Wednesday, September 23, 2009

Correlation vs. causality: tax pros and audit probability and LOVE

Tax Practitioner Credentials and the Incidence of IRS Audit Adjustments

2003, Accounting Horizons

John Hasseldine, Peggy A Hite

Abstract

A random selection of Internal Revenue Service office audits from October 1997 to July 1998, the type of audit that concerns most taxpayers, is analyzed. Taxpayers engage paid preparers in order to avoid this type of audit and to avoid any resulting tax adjustments. Whether there are more audit adjustments and penalty assessments on tax returns with paid-preparer assistance than on tax returns without paid-preparer assistance is examined. By comparing the frequency of adjustments on IRS office audits, it is concluded that there are significantly fewer tax adjustments on paid-preparer returns than on self-prepared returns. Moreover, CPA-prepared returns resulted in fewer audit adjustments than non CPA-prepared returns. The study included 2,253 audit cases; 71% of the audited taxpayers prepared their own tax return, 19% hired a CPA, and 10% hired a non-CPA. Most adjustments come from deduction errors, and CPA-assisted returns have significantly lower likelihood of having a deduction adjustment.

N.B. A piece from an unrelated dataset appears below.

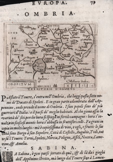 Carta in miniatura preparata per l’edizione italiana dell’Epitome theatri Orteliani, una riduzione delle carte del ' Theatrum Orbis Terrarum ' di Abraham Ortelius, pubblicata per la prima volta ad Anversa da Philip Galle nel 1577 con il titolo di ' Spieghel der werelt ' (Specchio del mondo). Nel 1593, sempre ad Anversa, viene alla luce il ' Theatro del mondo, l’edizione italiana dell’opera curata dal Galle. Nel 1598, Pietro Maria Marchetti, stampa a Brescia il ' Theatro del mondo, edizione “pirata” dell’opera originale del Galle, corredata da 109 mappe fatte incidere copiando le originali. Le carte vengo incise da un anonimo artista e inserite in una pagina di testo in italiano e furono usate anche per illustrare le "Relationi universali di Giovanni Botero", pubblicato sempre in Brescia nel 1599. È nota anche una ristampa delle stesse ' Relationi, pubblicata da Alessandro Vecchi a Venezia nel 1618 e ancora nel "Theatro del mondo" di Giovanni M. Turrini, (1655), e Scipione Banca (1657); queste due ultime edizioni recano il testo descrittivo al verso della carta. Incisione in rame, in ottimo stato di conservazione. Rara. Bibliografia G. King, ' Miniature Antique Maps, ' pp. 78-79; ' Alberto Satolli, Imago VV, Le rappresentazioni della città di Orvieto dalle origini ad oggi, p. 104, tav. XXXIII. Miniature map prepared for the Italian edition of the ' Epitome theatri Orteliani, ' a reduction of the maps of Abraham Ortelius' ' Theatrum Orbis Terrarum, first published in Antwerp by Philip Galle in 1577 under the title ' Spieghel der werelt (Mirror of the World). In 1593, also in Antwerp, the ' Theatro del mondo, ' the Italian edition of the work edited by Galle, came to light. In 1598, Pietro Maria Marchetti, printed in Brescia his ' Theatro del mondo, a "pirate" edition of Galle's original work, accompanied by 109 maps made by copying the originals. The maps were engraved by an anonymous artist and inserted into a page of Italian text and were also used to illustrate Giovanni Botero's "Relationi universali" also published in Brescia in 1599. A reprint of the same ' Relationi ' is also known, published by Alessandro Vecchi in Venice in 1618 and again in Giovanni M. Turrini's "Theatro del mondo" (1655), and Scipione Banca (1657); the latter two editions bear the descriptive text on the verso of the map. Copperplate engraving, in very good condition. Rare. Bibliografia G. King, ' Miniature Antique Maps, ' pp. 78-79; ' Alberto Satolli, Imago VV, Le rappresentazioni della città di Orvieto dalle origini ad oggi, p. 104, tav. XXXIII. Cfr.

Given that most paid preparers are not CPAs, a naive interpretation of the data above could lead to an erroneous conclusion, to wit: hiring a CPA to prepare your tax return "causes" a higher likelihood of IRS audit than hiring a non-CPA to prepare it.

An alternative explanation could be that the subset of taxpayers whose finances are sufficiently complicated as to make them likely to attract the interest of the IRS are also more likely to hire a CPA than they are to hire a non-CPA.

Since the study also found that IRS audits in the sample turned up fewer errors on CPA-prepared returns than on non-CPA-prepared returns, choosing a CPA might well have been a very good decision on their part.

In a study such as this one, there are always many unobserved variables which could be a source of what econometricians refer to as LOVE ("Left Out Variable Error.")

The sample of taxpayers selected for office audit is clearly not a random representative cross-section of taxpayers. Taxpayers who prepare their own tax returns are a minority of taxpayers, but they constituted 71% of those audited in the study sample. It's an interesting question as to whether preparing your own tax return raises the probability of audit, after statistically controlling for the complexity and other attributes of the return.